What to do
Reproduce the listing that follows character for character, excluding its pictures.

Input data
────────────────────
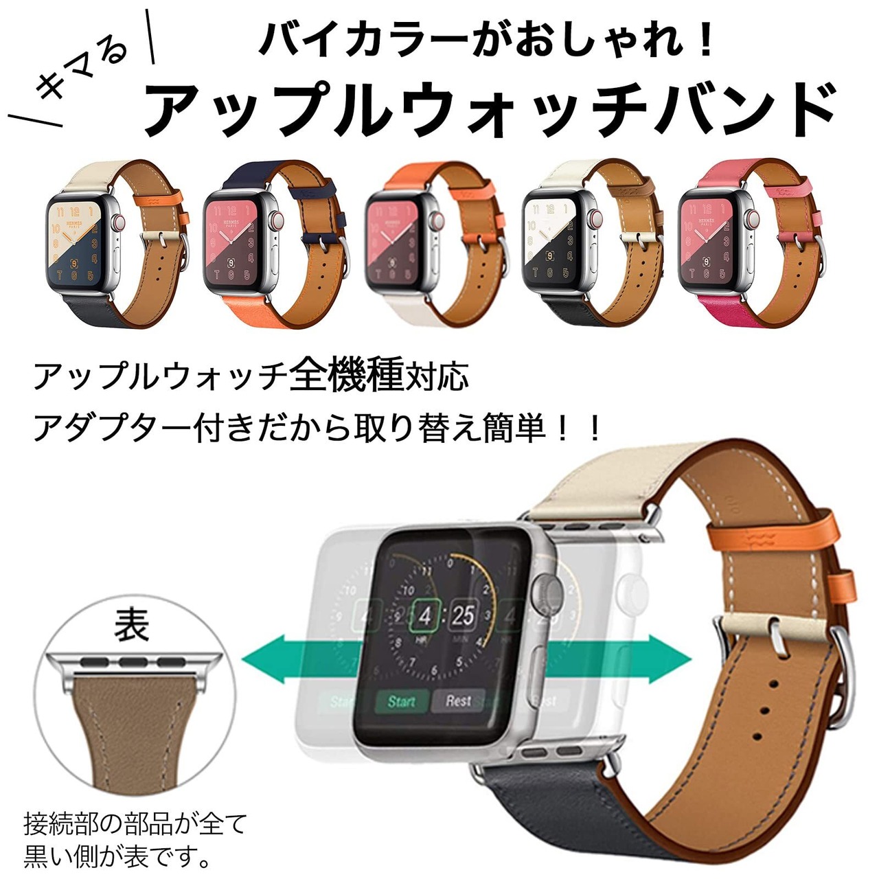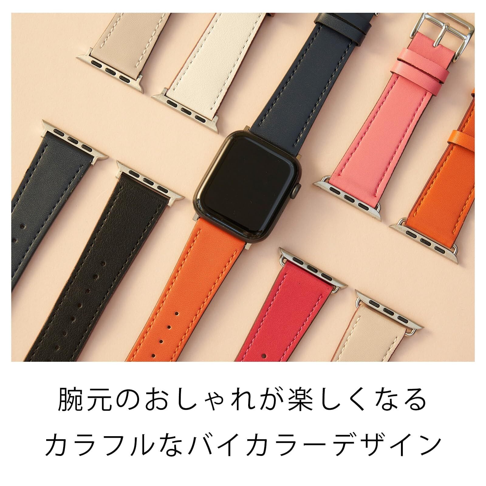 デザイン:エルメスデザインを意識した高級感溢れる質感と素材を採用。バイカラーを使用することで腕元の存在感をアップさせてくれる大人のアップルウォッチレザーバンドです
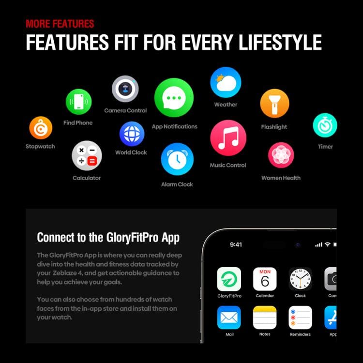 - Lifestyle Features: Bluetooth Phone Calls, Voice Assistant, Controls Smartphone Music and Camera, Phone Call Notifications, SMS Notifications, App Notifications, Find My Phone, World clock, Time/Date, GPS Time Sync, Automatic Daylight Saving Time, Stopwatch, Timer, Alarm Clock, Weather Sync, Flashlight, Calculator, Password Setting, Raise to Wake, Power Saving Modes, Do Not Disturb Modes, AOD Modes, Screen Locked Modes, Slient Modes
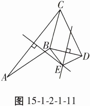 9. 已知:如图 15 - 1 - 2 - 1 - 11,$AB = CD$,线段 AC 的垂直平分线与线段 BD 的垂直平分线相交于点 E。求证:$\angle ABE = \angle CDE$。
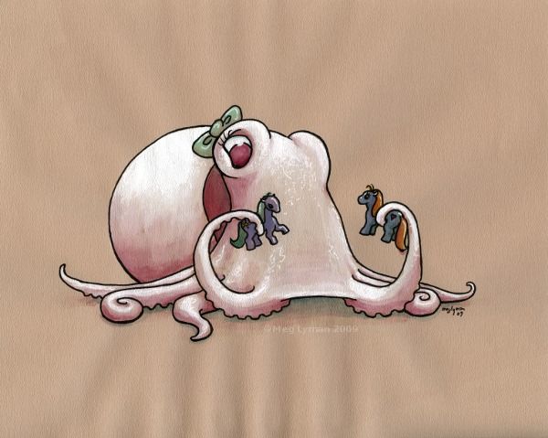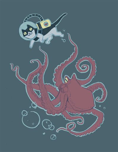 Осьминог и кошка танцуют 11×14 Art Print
────────────────────
Solution for this task
 デザイン:エルメスデザインを意識した高級感溢れる質感と素材を採用。バイカラーを使用することで腕元の存在感をアップさせてくれる大人のアップルウォッチレザーバンドです
 - Lifestyle Features: Bluetooth Phone Calls, Voice Assistant, Controls Smartphone Music and Camera, Phone Call Notifications, SMS Notifications, App Notifications, Find My Phone, World clock, Time/Date, GPS Time Sync, Automatic Daylight Saving Time, Stopwatch, Timer, Alarm Clock, Weather Sync, Flashlight, Calculator, Password Setting, Raise to Wake, Power Saving Modes, Do Not Disturb Modes, AOD Modes, Screen Locked Modes, Slient Modes
 9. 已知:如图 15 - 1 - 2 - 1 - 11,$AB = CD$,线段 AC 的垂直平分线与线段 BD 的垂直平分线相交于点 E。求证:$\angle ABE = \angle CDE$。
 Осьминог и кошка танцуют 11×14 Art Print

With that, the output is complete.